On how the higher number is arrived at in Vancouver:

The data isn’t available for BC. They are two totally different methodologies, so the overall $640,000 is all of the costs combined. In Ontario – particularly the suburban GTA and Toronto – some cities could see a reduction in pricing by $100,000 or more in single-family homes if they just went down to the provincial average. BC can learn lessons from this, but they don’t have detailed data on development charges or zoning restrictions that’s required.

On why demand has been the focus in Vancouver and Ontario, despite the problem being more about supply and the regulatory framework governing it:

Demand is absolutely increasing in Vancouver; that’s obvious. You only see a substantial increase in housing prices if there isn’t a commensurate increase in supply. This is because you’ll see more developers building more infill housing and more housing on harder to develop lots. In the long term, as this happens prices go up, but only as much as the cost of building goes up. When there is a substantial increase, this is when supply isn’t nearly matching demand. You can have all the demand increase you want, as long as the market is open enough to provide supply to meet demand.
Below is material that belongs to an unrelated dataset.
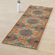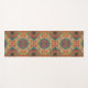 playful orange mushroom mandala pattern with green leaves and red flowers on yellow makes this fun yoga mat.

On what cities like Vancouver and Toronto can do to increase supply:

For cities without much land, they can re-zone for slightly higher density. There is a mythical perception of Vancouver that’s all condos, but south of the West End there is tons of broad, open, under-utilized land that can be re-zoned for infill development. Zoning restrictions make this difficult. Even things like laneway housing or gentler increases in density are way too hard to do in Vancouver and Toronto. There is a very high cost to simple zoning.

On how we got here, and what a healthy, functioning municipality looks like:

The politics of restricting zoning supply and increasing costs on new housing are incredibly toxic, and it’s very easy for politicians to fall into this trap. If you’re a councillor or mayor, your voters own homes and have every incentive to want prices to increase. Any new building in their area will dramatically impact the value of their main asset. So, local politicians support development restrictions. In suburban municipalities, you see the “crack cocaine” of development charges for municipal finances. This is a strong incentive to keep tax on existing residences down, and levy charges on those who have not even moved into the area (so those people can’t vote for them). It’s a toxic incentive to keep housing costs high.

On how this plays out for the average consumer:

Whether you’re buying or renting, you will pay a lot more than you need to. In a competitive market you should be paying what it costs to build. Think about the inequality effect: people in poorer areas like Windsor or Niagara, places that have been devastated by recession, who want to come to Vancouver or Toronto for better paying jobs, will be left out, along with their children. Places like San Francisco have been great for social mobility, but that channel is being blocked by high housing prices.